Большинство было другъ съ другомъ на ты. Встрѣчаясь, цѣловались. Послѣ чтеній и споровъ веселой гурьбой шли къ закускѣ, къ ужину, начинались грибки, салаты, рыбы, ростбифы…. — кормила Москва всегда хорошо.

И вотъ ходили, читали, ужинали, потомъ разбредались по снѣжнымъ улицамъ, продолжая о чемъ-нибудь спорить, и все казалось очень прочнымъ, всѣ бульвары, Чистопрудные и Хамовники, удобныя и теплыя квартиры, водка, икра, балыкъ — «а, Сергѣичъ!», «Здорово, Леониша!» (Чмокъ, чмокъ) — все на вѣки создано. Общественная жизнь, политика, виды на будущее.. Правда, мы пережили уже малую революцію 1905 года, но многому ли она научила? Сомнѣваюсь. Трагедіи никто не замѣчалъ, хотя Андреевъ и написалъ въ Японскую войну «Красный смѣхъ». Нѣсколько упрощая, можно сказать, что въ нашемъ кругу представлялось такъ — нелюбимый «царизмъ» довольно любезно и самотекомъ уступитъ мѣсто «Русскимъ Вѣдомостямъ», и тогда настанетъ истинно медовый вѣкъ парламентаризма и свободы, икра же и балыкъ никуда не сдвинутся, и такъ же утомленный «столичной суетой» меланхолическій беллетристъ будетъ уѣзжать среди зимы на отдыхъ въ Тульское имѣніе, а то и въ Ниццу.

Развѣ только у Андреева могло быть смутное, телепатическое S. О. S.


Москва богата улицами, переулками. Ихъ имена порой причудливы. Середа прилѣпила этотъ словарь къ шуточнымъ кличкамъ своихъ сочленовъ. Телешовъ назывался «Уголъ Денежнаго и Большой Лѣнивки», Сергѣй Глаголь (за краснорѣчіе) — «Бреховъ переулокъ», Гольцевъ — «Бабій городокъ», Андреевъ — «Ново-Проектированный». У Ивана Бунина прозвища не было, но его брата Юлія съ отдаленныхъ временъ окрестили «Старо-Газетнымъ» переулкомъ.

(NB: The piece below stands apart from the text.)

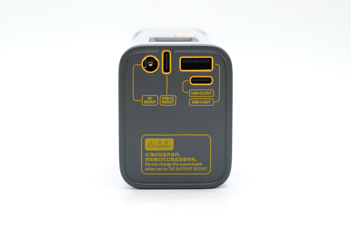 SHARGE閃極超級移動電源的接口全部集中在了側面,分別為DC輸入/輸出接口、USB-C1輸入/輸出接口、USB-C2輸出接口以及USB-A輸出接口。下方還有一條注意事項:DC輸出狀態開啟時,請勿通過DC口給此設備充電。

Юлій Алексѣевичъ никогда въ Газетномъ не жилъ и въ газетахъ не писалъ. Онъ былъ редакторомъ журнала «Вѣстникъ Воспитанія» изъ Староконюшеннаго переулка. Знающіе говорили, что это лучшій педагогическій журналъ. Мы, несвѣдущіе, могли только утверждать, что журналъ помѣщается но лѣвой сторонѣ Староконюшеннаго, во флигелѣ особняка Михайлова. Юлій Алексѣевичъ всегда сидитъ въ своей квартиркѣ-редакціи — на стѣнѣ Св. Цецилія — читаетъ рукописи, пьетъ чай и курить. Изъ окна видна зелень Михайловскаго сада, въ комнаткахъ очень чисто, тихо, если зайти часовъ въ двѣнадцать, то весьма вѣроятно, что тамъ и Иванъ Бунинъ, и что они собираются въ «Прагу» завтракать.

Юлій Алексѣевичъ невысокъ, плотенъ, съ бородкой клинушкомъ, небольшими умными глазами, крупной нижней губой, когда читаетъ, надѣваетъ очки, ходить довольно мелкимъ шагомъ, слегка выбрасывая ноги въ стороны. Руки всегда за спиной. Говоритъ баскомъ, основательно, точно продалбливаетъ что-то, смѣется очень весело и простодушно. Въ молодости былъ народовольцемъ, служилъ статистикомъ, а потомъ располнѣлъ и предсталъ законченнымъ обликомъ русскаго либерала.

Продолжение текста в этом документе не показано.